Childhood and Adolescent Obesity: A Review.

TLDR
The most common cause of obesity throughout childhood and adolescence is an inequity in energy balance; that is, excess caloric intake without appropriate caloric expenditure, which is a risk factor for obesity in adolescence and adulthood as mentioned in this paper.
Abstract
Obesity is a complex condition that interweaves biological, developmental, environmental, behavioral, and genetic factors; it is a significant public health problem.
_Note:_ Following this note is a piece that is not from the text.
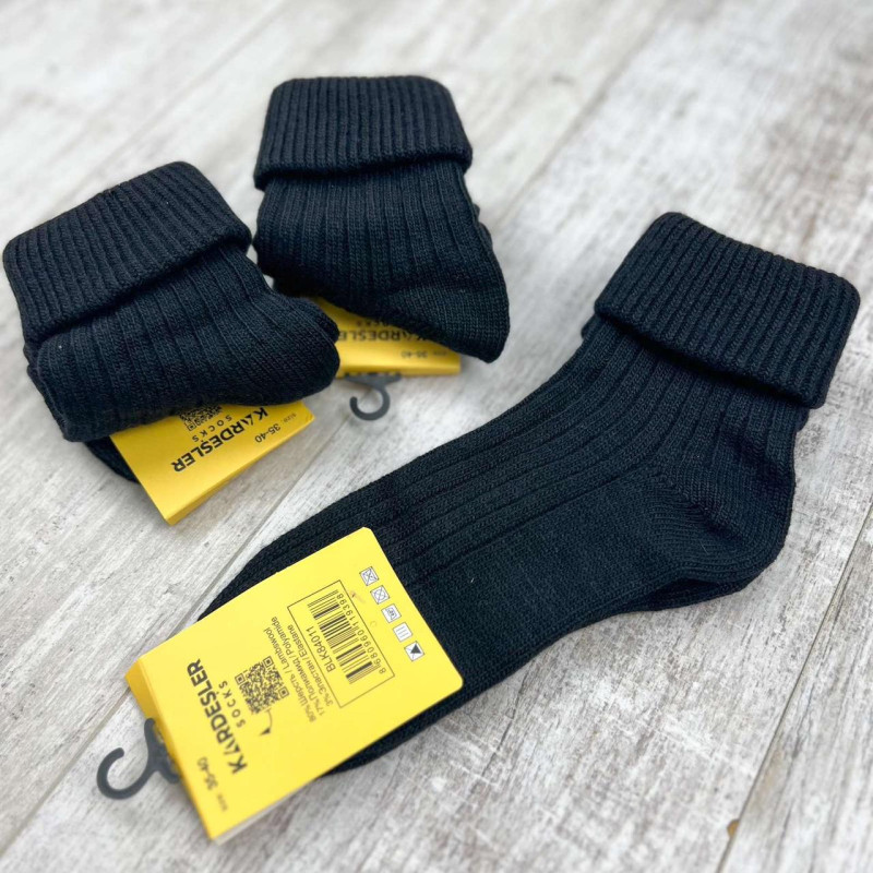 Шкарпетки жіночі з відворотом з вовни чорні Kardesler — Жіночі шкарпетки для носіння в холодну пору року. Колір: Чорний. Склад: Вовна 80%, Поліамід 17%, Еластан 3%. Виробник: Kardesler Socks.

The most common cause of obesity throughout childhood and adolescence is an inequity in energy balance; that is, excess caloric intake without appropriate caloric expenditure. Adiposity rebound (AR) in early childhood is a risk factor for obesity in adolescence and adulthood. The increasing prevalence of childhood and adolescent obesity is associated with a rise in comorbidities previously identified in the adult population, such as Type 2 Diabetes Mellitus, Hypertension, Non-alcoholic Fatty Liver disease (NAFLD), Obstructive Sleep Apnea (OSA), and Dyslipidemia. Due to the lack of a single treatment option to address obesity, clinicians have generally relied on counseling dietary changes and exercise. Due to psychosocial issues that may accompany adolescence regarding body habitus, this approach can have negative results. Teens can develop unhealthy eating habits that result in Bulimia Nervosa (BN), Binge- Eating Disorder (BED), or Night eating syndrome (NES). Others can develop Anorexia Nervosa (AN) as they attempt to restrict their diet and overshoot their goal of "being healthy." To date, lifestyle interventions have shown only modest effects on weight loss. Emerging findings from basic science as well as interventional drug trials utilizing GLP-1 agonists have demonstrated success in effective weight loss in obese adults, adolescents, and pediatric patients. However, there is limited data on the efficacy and safety of other weight-loss medications in children and adolescents. Nearly 6% of adolescents in the United States are severely obese and bariatric surgery as a treatment consideration will be discussed. In summary, this paper will overview the pathophysiology, clinical, and psychological implications, and treatment options available for obese pediatric and adolescent patients.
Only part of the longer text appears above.